What you should do. Please output all the entries word for word, without the pictures.

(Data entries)
Content starts

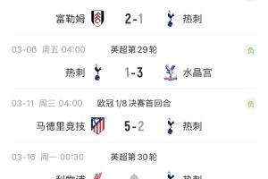 熱刺歐冠1/8決賽首回合2-5慘敗馬競(jìng),下周一周內(nèi)將連續(xù)對(duì)陣?yán)锲帧ⅠR競(jìng)(次回合)、森林。
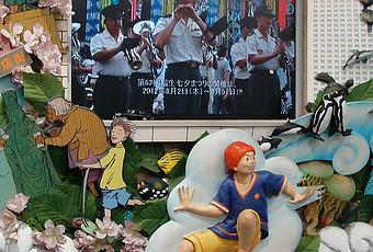 Podemos ver el edificio Sunshine 60 a la derecha, el cual es uno de los símbolos de la zona de Ikebukuro, de el salen algunos peces ya que dentro del Sunshine 60 hay un acuario. También vemos un tren debido a la importancia de la estación de Ikebukuro, la segunda estación mas concurrida de Tokyo, y a una cantante de Opera en referencia al Tokyo Metropolitan Art Space en el cual se hacen este tipo de conciertos. Lo del chico del skate no se el porqué, quizá sea porque sea una zona popular para los skaters pero la verdad es que nunca los he visto por ahí.
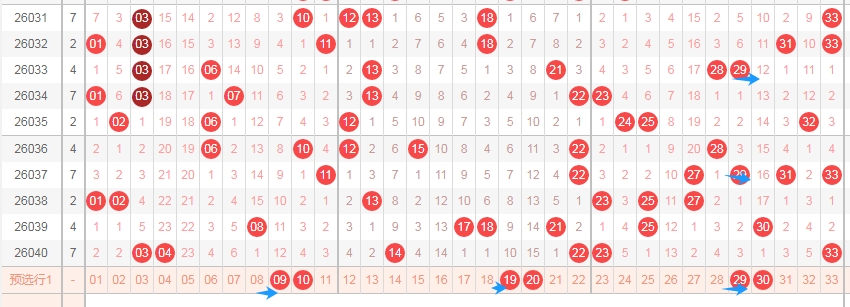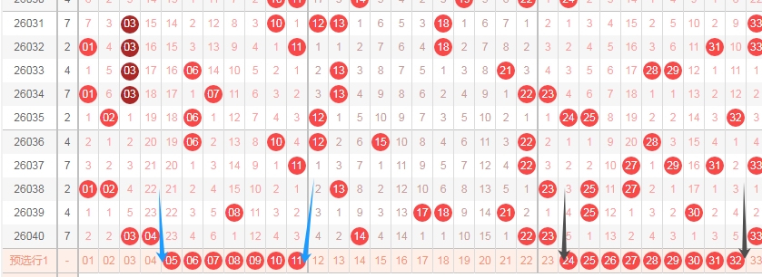上图是福彩双色球红球号码走势分布图,我标注出来的蓝色箭头中间这个区域的数字05 06 07 08 09 10 11一共有数字7个。上期一个数字没出现,最近几期出号码也不多,那么本期这个区域的数字可以关注出号码2个或者3个吧,同样的看黑色箭头中间这个区域的数字24 25 26 27 28 29 30 31 32一共有9个数字,上期是一个数字没出现,那么本期这个区域的数字可以关注出2个或者3个吧。
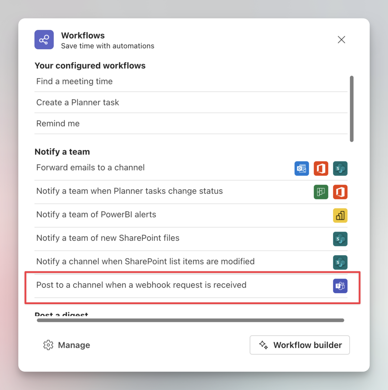 2. This will open the workflows configuration wizard. Search and select the line "Post to a channel when a webhook request is received":
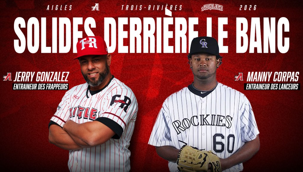 Les Aigles de Trois-Rivières annoncent aujourd’hui deux mouvements importants au sein de leur personnel d’entraîneurs en vue de la saison 2026. L’organisation confirme l’embauche de Manny Corpas comme entraîneur des lanceurs, tout en annonçant le retour de Jerry Gonzalez à titre d’entraîneur des frappeurs.
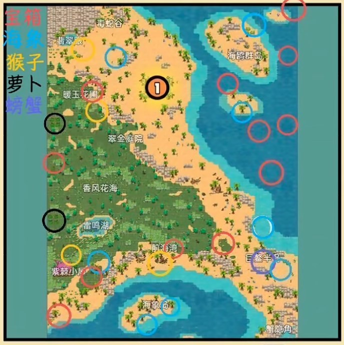 如图所示,地图上红圈标记的地方就是宝箱所在,森林里有2处,沿着南边的海岸与四个,地图东边海域还有6个,大家可以对照着去完成这些宝箱的收集。

Content ends

Response.
 熱刺歐冠1/8決賽首回合2-5慘敗馬競(jìng),下周一周內(nèi)將連續(xù)對(duì)陣?yán)锲帧ⅠR競(jìng)(次回合)、森林。
 Podemos ver el edificio Sunshine 60 a la derecha, el cual es uno de los símbolos de la zona de Ikebukuro, de el salen algunos peces ya que dentro del Sunshine 60 hay un acuario. También vemos un tren debido a la importancia de la estación de Ikebukuro, la segunda estación mas concurrida de Tokyo, y a una cantante de Opera en referencia al Tokyo Metropolitan Art Space en el cual se hacen este tipo de conciertos. Lo del chico del skate no se el porqué, quizá sea porque sea una zona popular para los skaters pero la verdad es que nunca los he visto por ahí.
上图是福彩双色球红球号码走势分布图,我标注出来的蓝色箭头中间这个区域的数字05 06 07 08 09 10 11一共有数字7个。上期一个数字没出现,最近几期出号码也不多,那么本期这个区域的数字可以关注出号码2个或者3个吧,同样的看黑色箭头中间这个区域的数字24 25 26 27 28 29 30 31 32一共有9个数字,上期是一个数字没出现,那么本期这个区域的数字可以关注出2个或者3个吧。
 2. This will open the workflows configuration wizard. Search and select the line "Post to a channel when a webhook request is received":
 Les Aigles de Trois-Rivières annoncent aujourd’hui deux mouvements importants au sein de leur personnel d’entraîneurs en vue de la saison 2026. L’organisation confirme l’embauche de Manny Corpas comme entraîneur des lanceurs, tout en annonçant le retour de Jerry Gonzalez à titre d’entraîneur des frappeurs.
 如图所示,地图上红圈标记的地方就是宝箱所在,森林里有2处,沿着南边的海岸与四个,地图东边海域还有6个,大家可以对照着去完成这些宝箱的收集。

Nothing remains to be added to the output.